The University of Sheffield
Department of Geography

Dr Daniel Hammett

Faculty Research Fellow

Dan Hammett

Room number: E14
Telephone (internal): 27956
Telephone (UK): 0114 222 7956
Telephone (International): +44 114 222 7956
Email: D.Hammett@Sheffield.ac.uk

Daniel Hammett read for a BA in Geography at the University of Oxford (2002) before moving to the Centre of African Studies at the University of Edinburgh where he gained his MSc by research (2003) and PhD (2007). He then held an ESRC Post-Doctoral Fellowship and an ESRC Research Fellowship at the Institute of Geography, University of Edinburgh before moving on to a Post-Doctoral Fellowship in the School of Geography, Archaeology and Environmental Studies at the University of the Witwatersrand, Johannesburg, South Africa.

He joined the Department in Sheffield as a Lecturer in 2010 and was awarded a Faculty Research Fellowship in 2012. He is also a Research Associate at the Department of Geography, University of the Free State, Bloemfontein, South Africa.

Research Interests

My research concerns the political and social geographies of Southern Africa. My work falls into two main themes: geographies of citizenship and belonging; and the geopolitics of Southern Africa.

Current Research

Current research projects include:

Geographies of citizenship and democratisation in South Africa
This work builds from an earlier ESRC research award to explore questions of citizenship, democratisation and education in South Africa. In collaboration with Lynn Staeheli (Durham University), this work considered the ways in which the post-apartheid state conceives the ideals of South African citizenship and how these ideals were translated into citizenship education policy and practice and negotiated and experienced in a range of schools.

Political satire, iconography and contested constructions of the state and nation
Drawing from a range of sources including political cartoons, postage stamps, and political ephemera I explore the ways in which dynamic ideas of nation-hood and state-hood are projected, contested, interpreted and challenged in Southern Africa. - Post-colonialism, the academy and theory. The intention of this work is to develop a more post-colonially sensitive human geography that develops theory written by and from beyond the Anglo-American disciplinary core. Born of conversations with a range of colleagues in South Africa and the UK this project is leading to the development of outputs considering the state of human geography in South Africa, the role of theory in policy and practice, and the need to challenge 'core' assumptions regarding the Global South.

Teaching

Dan's teaching interests cover a range of undergraduate and postgraduate courses which allow him to ensure that his lectures and seminars are informed by the latest research in his areas of interest. At the undergraduate level his work on courses in political and development geography explore key geographic issues and their relationship to everyday life. In particular, his teaching explores questions of uneven development, geopolitics and power relations. Through the use of various devices, including board games, music, videos and the media, he engages students in exploring the ways in which our understandings of the world around us are continually reshaped. Throughout these courses he utilises ongoing research interests in sub-Saharan Africa to demonstrate and unpack the theoretical and empirical material presented to make geographic debates interesting and accessible.

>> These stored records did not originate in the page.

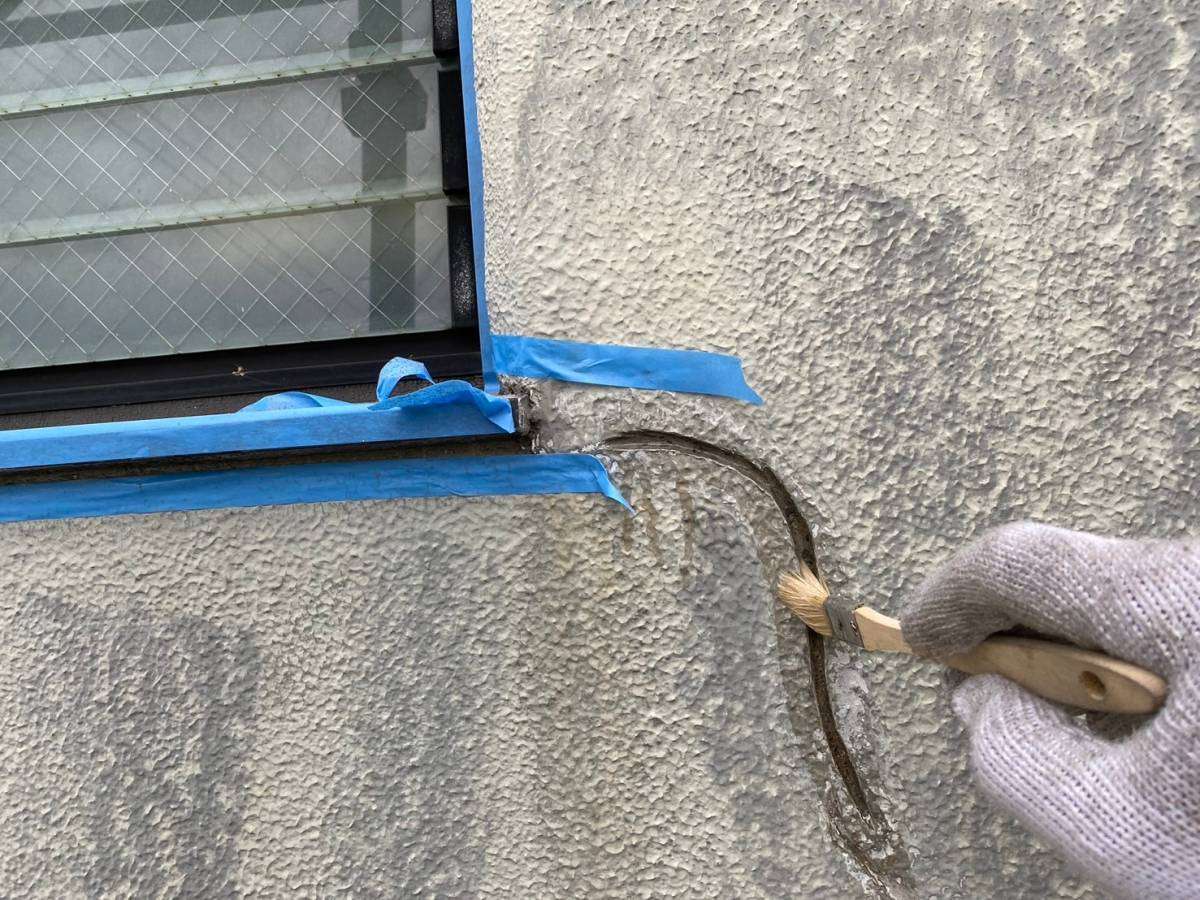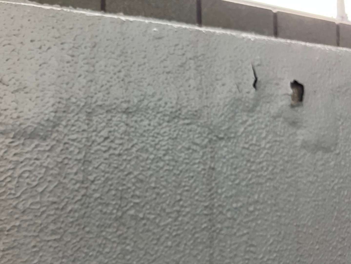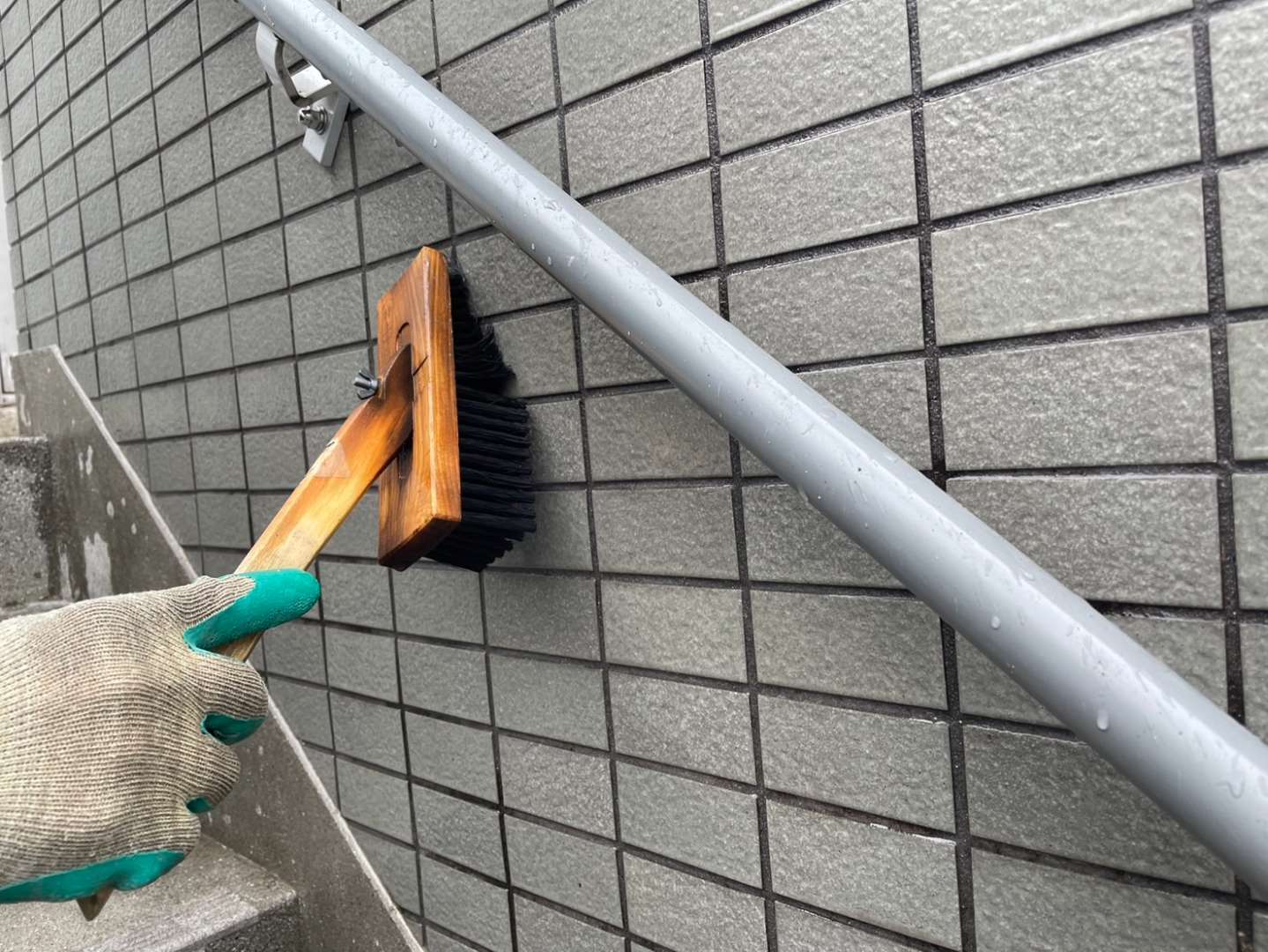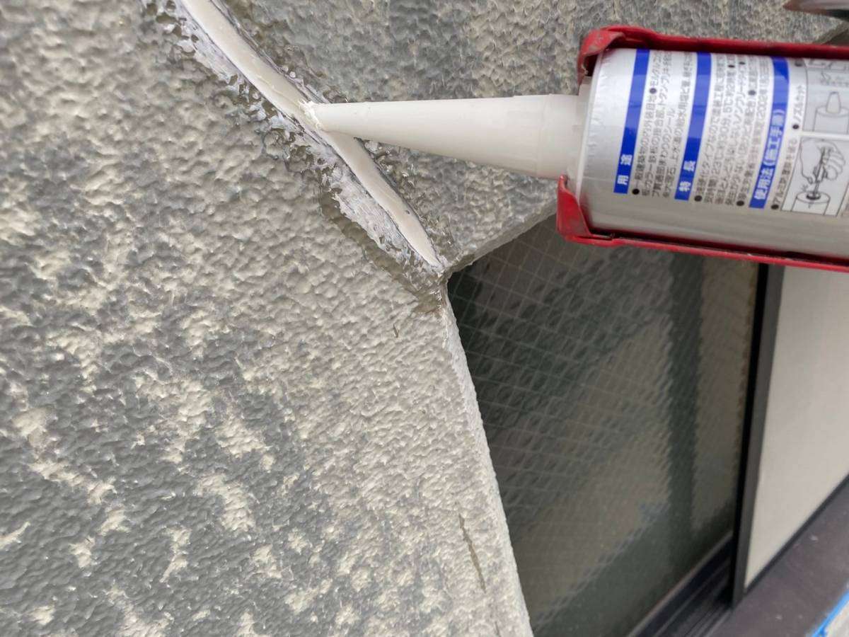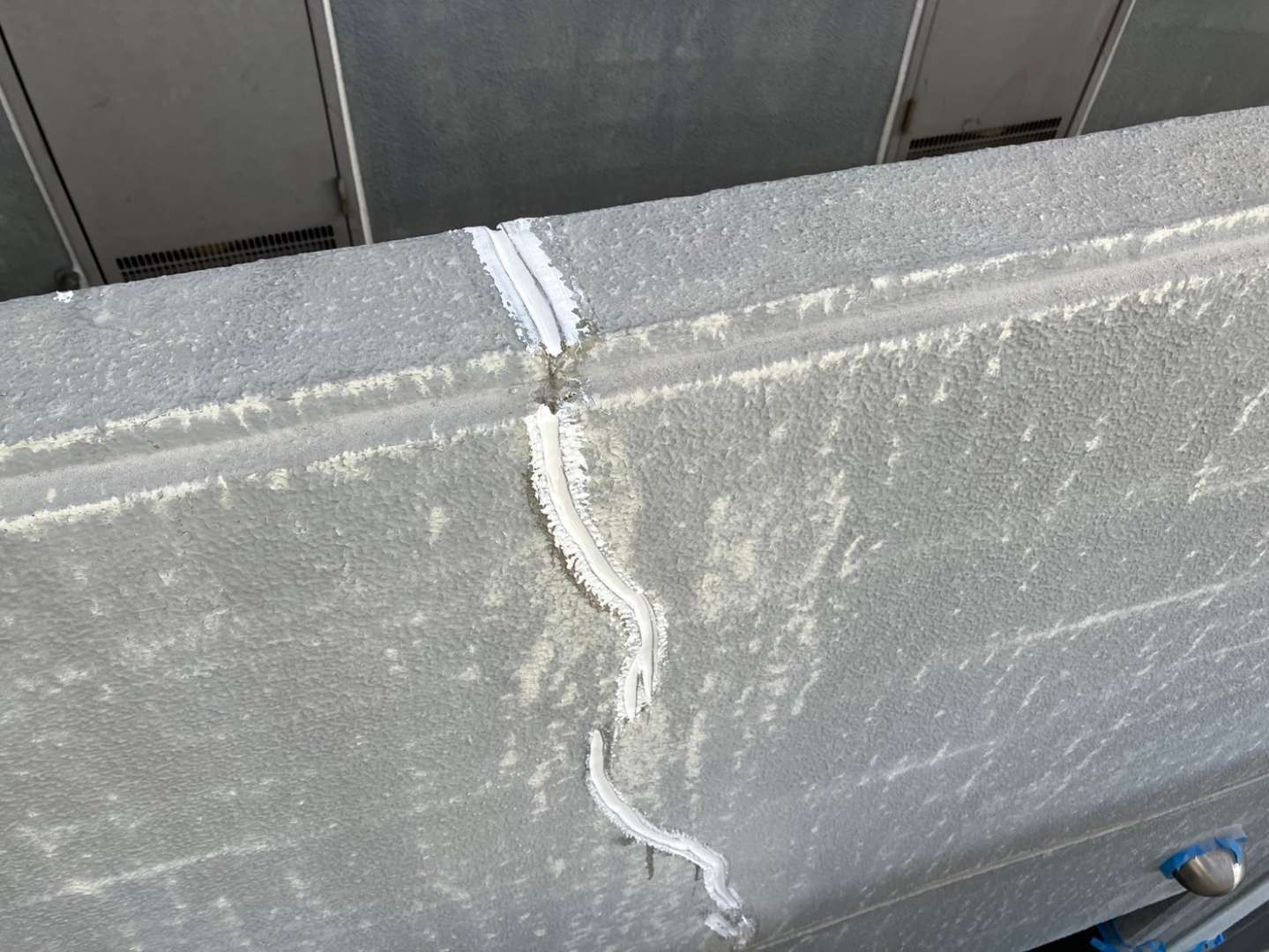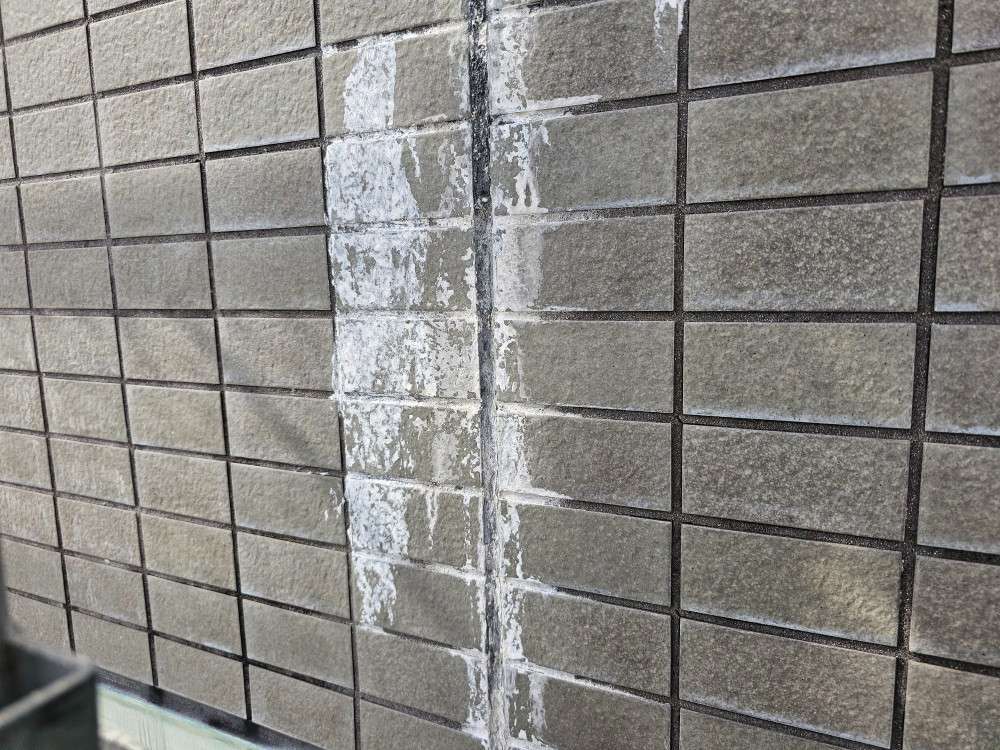 タイル部のエフロ除去・外壁の膨れ、劣化部補修・亀裂部補修・コーキング(シーリング)作業を行いました。
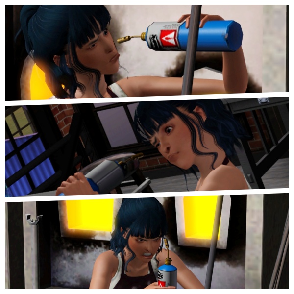 ん ? なにか様子がおかしい ? ガスボンベをながめたりカシャカシャとふって、危険な動きをしております。
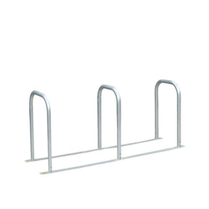 Fietssteun in U-vorm, Aantal plaatsen: 3, Model: Paal omgekeerde U, 3 plaatsen, Totale breedte: 3980 mm, Totale diepte: 550 mm, Totale hoogte: 850 mm, Materiaal: Gegalvaniseerd staal, Coating: Gegalvaniseerd, Kleur: Grijs, Paal Ø: 50 mm, Recyclebare verpakking: Ja - 100%, Recyclebaar product: Ja - 100%
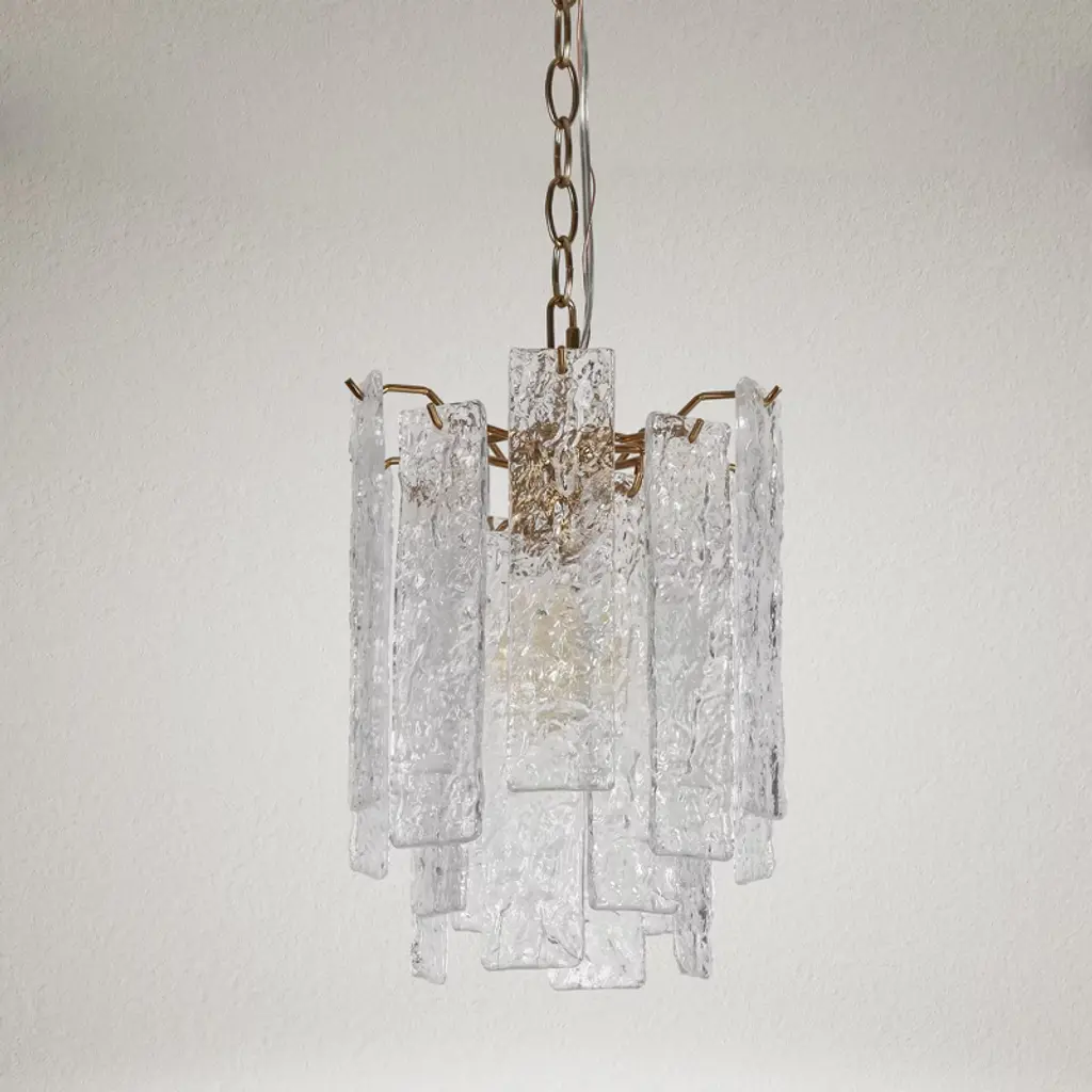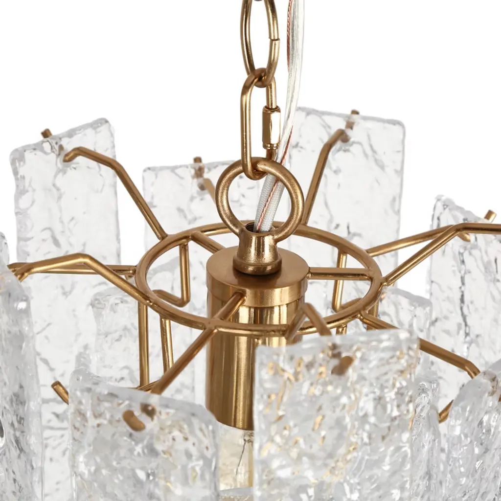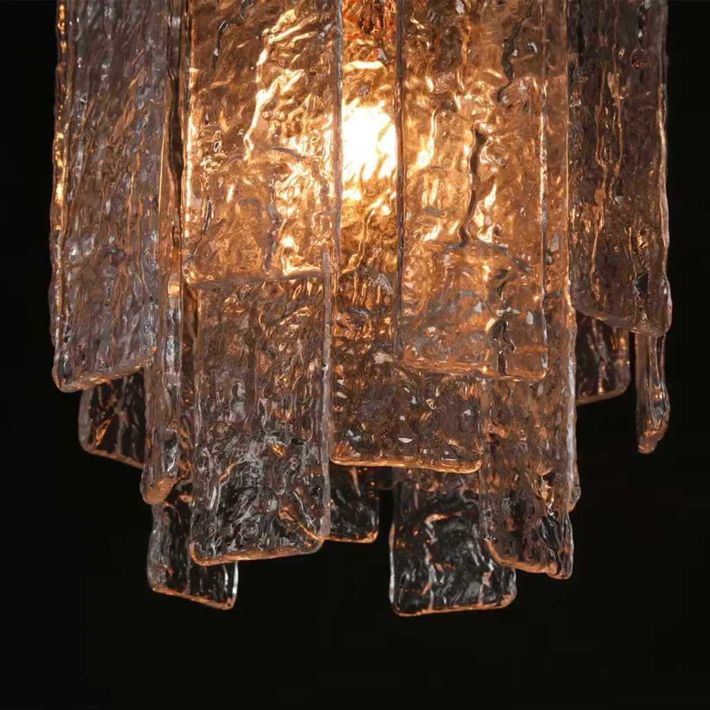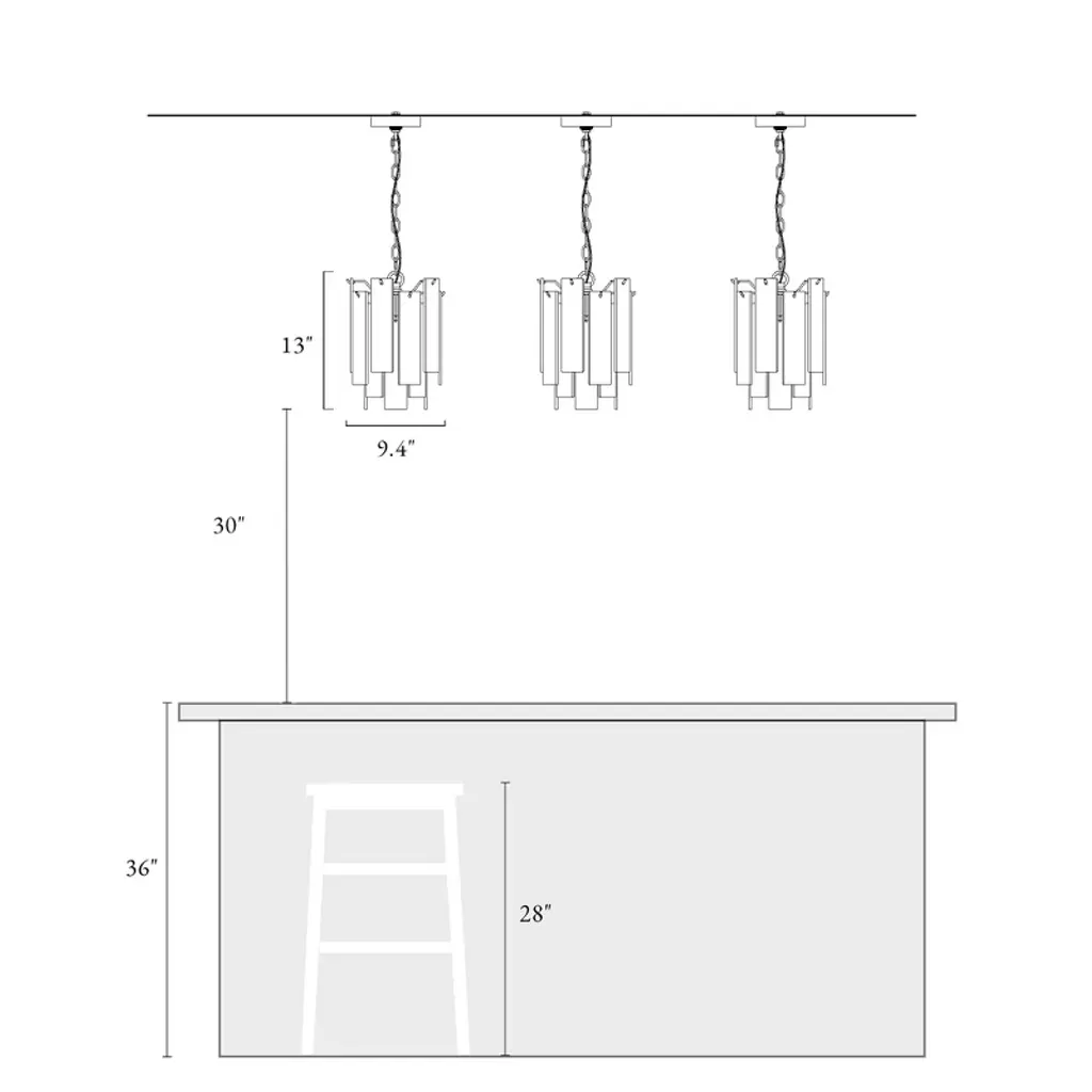 The Engaveric Collection evokes a stunning ice sculpture in crystal, featuring Glacier Crystal Glass panels that capture the essence of frozen beauty. The flat geometric panels of textured glass hang in linear architectural tiers, accented with icicle strip crystal glass that adds a unique touch of elegance. The frosted panes lend the light a soft, diffused glow, while the glittering finishes enhance the overall brilliance. This linear pendant light is perfect for kitchen islands, dining areas, or living rooms, offering a blend of sophistication and functionality. Its sleek design, paired with gold accents, makes it a striking addition to a variety of interior styles.
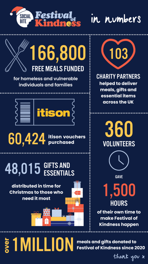 To all our supporters, a heartfelt thank you from everyone at Social Bite for making the festive season and winter months that bit brighter for those who really needed it.

This concern with exploring power, development and (in)equality inform his postgraduate teaching in development geography through which he encourages students to consider and contest developmental assumptions and the power relations behind these.

Dan's excellence in teaching has been recognised with the award of status as a Senate Teaching Fellow in 2012 and the Innovation in Teaching award at the 2011 Sheffield Students' Union Academic Awards in recognition that good teaching has an enormous positive impact on student's learning experience.

His citation for the award reads:"As well as constantly bringing examples forward using you tube clips and

satire, his enthusiasm and obvious love for what he was teaching me was
incredible and incredibly contagious."

Dan teaches on a range of undergraduate and postgraduate courses including:

GEO243 Political Geographies
GEO367 Development Geographies Field Class

GEO6801 Ideas and Practice in International Development
GEO6802 Research Design and Methods in International Development
GEO6803 Professional Skills for Development

All staff also engage in personal supervision and tutoring of individual students at all three undergraduate levels in the following modules:
GEO356 Geographical Research Project

Key publications

Professional Affiliations

Dan is the current treasurer of the RGS-IBG Political Geography Research Group and is a member of the ESRC Peer Review College. He is an editorial board member of Critical African Studies and Urban Forum, is book reviews editor for International Development Planning Review, and regularly reviews for Political Geography, Environment and Planning, International Journal of Educational Development and South African Geographical Journal.